I am curious, for what circumstances, should the lo be used in postgresql?

Thanks a lot!
Emi







On 05/19/2011 02:00 AM, Piotr Czekalski wrote:
> Right!
> The external binary file storage has another advantage (that may be
> considered as disadvantage as well) - it is usually easier to develop
> and test mechanism as you're able to browse uploaded file result using
> os / application or even "exchange" file contents for test purposes,
> while in case of iternal storage you need some extra code to do it for
> you and you newer know, if it works well. Another problem is caching /
> feeding files in case of heavy load condition - caching of huge objects
> is problematic while you never know the dimension of the problem,
> non-caching approach may cause bottlenecks on frequent database reads.
> I was considering both scenarios and finally've choosen external storage
> for our invoice generation system.
>
> Regards,
>
> Piotr
>
>


-- 
Emi Lu, ENCS, Concordia University, Montreal H3G 1M8
emilu@encs.concordia.ca        +1 514 848-2424 x5884


Re: column type for pdf file

From
Karsten Hilbert
Date:
On Thu, May 19, 2011 at 09:39:54AM -0400, Emi Lu wrote:

> All right, it seems that everyone thinks saving a pdf into postgresql
> is not a good idea.

No.

> As a summary, disadvantages are:
> ==================================
> . Memory issue when read/save/retrieve the file
> . Increase load

Those can be a consideration, yes.

> . Consume connections

You will need a connection to the database anyway. There's
no need to use another one.

> . during transaction lo may be lost?

Huh ?

> . file systems do better than DB

That's not a fact but rather an assertion. And a partial one
at that.

You may want to search the archives a bit as this has been
discussed at length various times.

Karsten
-- 
GPG key ID E4071346 @ gpg-keyserver.de
E167 67FD A291 2BEA 73BD  4537 78B9 A9F9 E407 1346


Re: column type for pdf file

From
Craig Ringer
Date:
On 05/19/2011 09:53 PM, Karsten Hilbert wrote:
> On Thu, May 19, 2011 at 09:39:54AM -0400, Emi Lu wrote:
>
>> All right, it seems that everyone thinks saving a pdf into postgresql
>> is not a good idea.
>
> No.

Hardly everyone. You lose transaction safety when using file system 
storage outside the DB, you need another way to talk to the server than 
just the Pg connection, and most importantly your backups become more 
complicated because you have two things to back up.

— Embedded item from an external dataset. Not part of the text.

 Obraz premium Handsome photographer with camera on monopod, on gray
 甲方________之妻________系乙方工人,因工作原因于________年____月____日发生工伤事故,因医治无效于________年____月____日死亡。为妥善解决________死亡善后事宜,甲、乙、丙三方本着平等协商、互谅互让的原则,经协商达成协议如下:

It's not simple, and it depends a lot on how much the data changes, how 
big the files are, etc.

--
Craig Ringer


Re: column type for pdf file

From
Emi Lu
Date:
Craig, Karsten,

> Hardly everyone. You lose transaction safety when using file system
> storage outside the DB, you need another way to talk to the server than
> just the Pg connection, and most importantly your backups become more
> complicated because you have two things to back up.
>
> It's not simple, and it depends a lot on how much the data changes, how
> big the files are, etc.

The situation is:
======================
. pdf file size: 500kb
. 65 files per year = 32M
. operation: read/save/remove  but the total file number is around 65 files per year

How is the above case, saving pdf files into psql8.3 is an acceptable way?

Thank you,
Emi


Re: column type for pdf file

From
"Ross J. Reedstrom"
Date:
On Wed, May 18, 2011 at 05:06:36PM -0600, Eric McKeeth wrote:
> On Wed, May 18, 2011 at 2:20 PM, Emi Lu <emilu@encs.concordia.ca> wrote:
> 
> > Hello,
> >
> > To save pdf files into postgresql8.3, what is the best column type?
> >
> > bytea, blob, etc?
> >
> > Thank you,
> > Emi
> >
> 
> Everyone else has pointed out reasons for not doing this, and I agree with
> them that in the large majority of cases just storing a reference to a file
> stored outside the database is preferable. However, to answer the question
> you asked, my rule of thumb is that if you need to store binary data in the
> database is to use a bytea column, unless you need the random access
> capabilities that the large object interface provides. A bytea column is
> typically easier to use, and has proper transactional behavior, enforcement
> of referential integrity, etc.
> 

I'm with Eric on this one: for smaller use cases, the convenience of bytea
in the db is nice. As to random access, I wrote a client-side wrapper
for our middleware that implements a file iterator interface for python
on top of substr(bytea,position,blocksize). I was sort of surprised at
how well it performed. We're using it in production right now.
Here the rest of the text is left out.